It's called a Hydrogen Fuel Cell and you can't even mention it without Tesla owners and the environmental lobby screeching in outrage.
A hydrogen fuel cell is just one type of battery. It's a crappy type of battery because it's a monumentally wasteful way of transferring energy from one place to another. "The environmental lobby" you refer to is right about it. Wrong about many things, but right about this.
Advocates of fuel cells like to view the final energy conversion process alone, but that is just plain wrong. Even that part isn't very good in terms of efficiency, but it is the best part. The rest is far, far worse. Firstly, there's obtaining elemental hydrogen in the first place. Sure, hydrogen is superabundant pretty much everywhere. But it's all bonded to other elements. Breaking that bond requires far more energy than you get from running the hydrogen through a fuel cell - it's an extremely inefficient form of energy transportation. But that's only the start of it. You have to move the hydrogen from where it's manufactured to refuelling stations, which requires more energy. In addition, there's the issue of storing hydrogen. Its density at atmospheric pressure and temperature is so low that it's ludicrously impractical to store it, so it either has to be stored under very high pressure or at very low temperature. Both require even more energy and introduce additional hazards. On top of that, it's fundamentally difficult to store hydrogen at all because it seeps through most containers and damages many materials. It's fundamentally easier and more efficient to move energy in the form of electricity than in the form of hydrogen. Finally, there's the requirement for rare materials for catalysts, which would prevent hydrogen fuel cells from being used on a large scale anyway even if all the other problems somehow disappeared.
There are some theoretically possible scenarios in which hydrogen fuel cells would be viable, but they don't exist in practice and might never do. You'd need such an abundance of surplus electricity that you don't have to care about wasting loads of it on manufacturing elemental hydrogen, maintaining it at extremely low temperatures all the time and pumping it around. Even if you somehow discovered a far less inefficient way of breaking the bonds between hydrogen and other elements, you'd still need a big surplus of electricity to waste on maintaining huge quantities of hydrogen at very low temperatures all the time and pumping it around. That sort of scenario might exist as a side effect of practical nuclear fusion, if that ever exists. Even in such a favourable hypothetical scenario, what would be the point? It's just another type of battery and not a very good one at that. Why create a massive infrastructure for it when there's already one that works for moving electricity around in the form of electricity?
Hydrogen fuel cells are like flying cars - great for sci-fi programs with enough suspension of disbelief but not a good idea in the real world.
I'd actually like to go in a different direction to the OP. Sub-orbital flights would be fantastic and I'd love to see them. But what I'd love to see would be airships.
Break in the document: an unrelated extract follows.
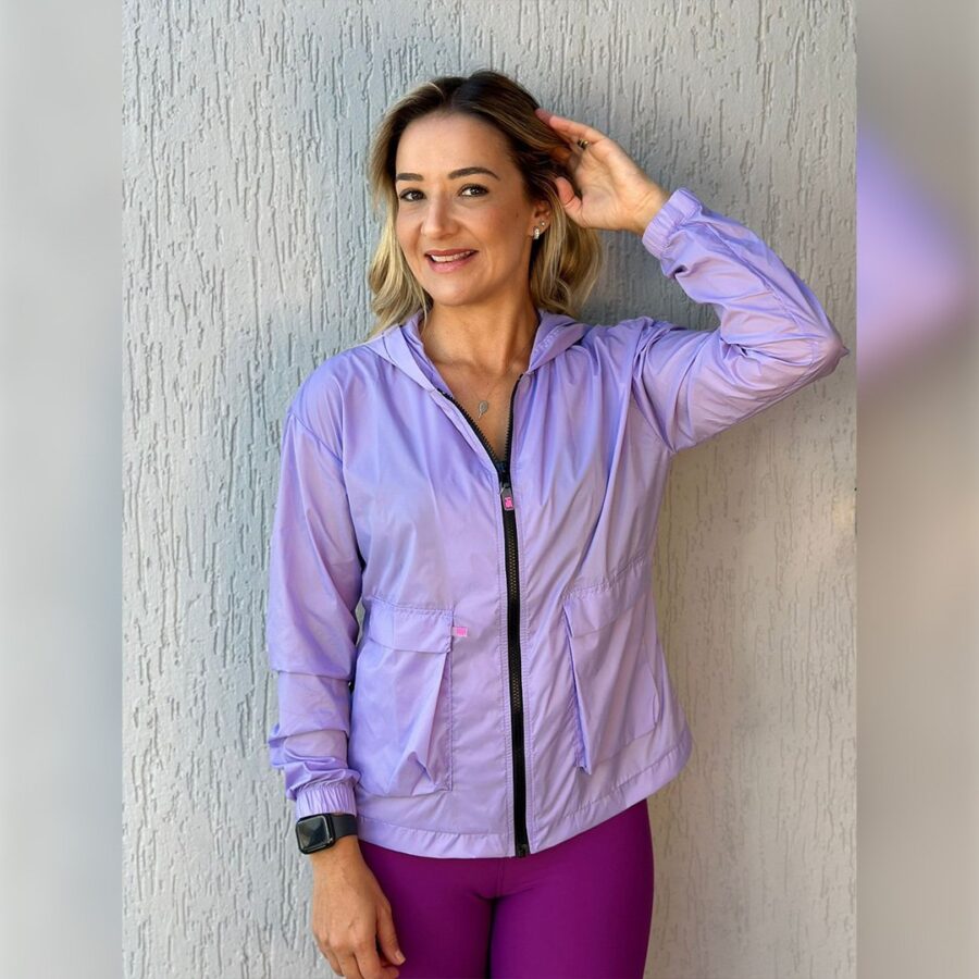 A jaqueta corta vento feminina ametista, possui capuz, bolsos laterais e funcionais, elástico no punho, zíper trator e design que permite movimentos amplos.

Sure, you'd take a whole day to get to the East Coast, but you'd be doing it in something the equivalent of a cruise ship. Imagine travelling to America or the near East not in a cramped little seat but in a small cabin with a bed and a desk. Or having a small café / restaurant on board. Imagine being able to go outside and have a walk around during your flight. Airships are much slower than jets. But they have tremendous load capacity and are far more economical. Or would be at scale. They also have a valuable potential niche in freight. Various people have taken a crack at getting airships going again but getting investment is hard. The Hindenburg really altered the course of history for the worse, imo.
That's an interesting idea. I think it could be sold as a luxury. Not just in the obvious terms of the conditions during the flight, but also in terms of the time taken. The much longer flight time could be marketed as a status symbol - you're rich enough to not have to hurry. On shorter flights in many areas it could be pitched against driving. I think that would fly very well (every pun intended!) in places where relatively long journeys by car aren't particularly rare. The USA, for example. The travel time would be comparable but the airship could be a much more comfortable way to travel. The airship would be a bit faster, but there would be some additional travel time to and from airship ports. Generally comparable overall, I think.
I think airships are arguably more viable than sub-orbital hypersonic flights. Sure, they reduce the
flight time a fair bit, but they reduce the
travel time by a much smaller proportion. You still have to travel from where you are to the airport, go through all the embarking procedure, go through all the disembarking procedure and travel from the airport to where you want to go. If it's urgent, well, use video conferencing instead. That's vastly faster. So where's the market? That's largely why we don't still have supersonic passenger flight. We used to (Concorde) and we easily could again, but it's not worth it.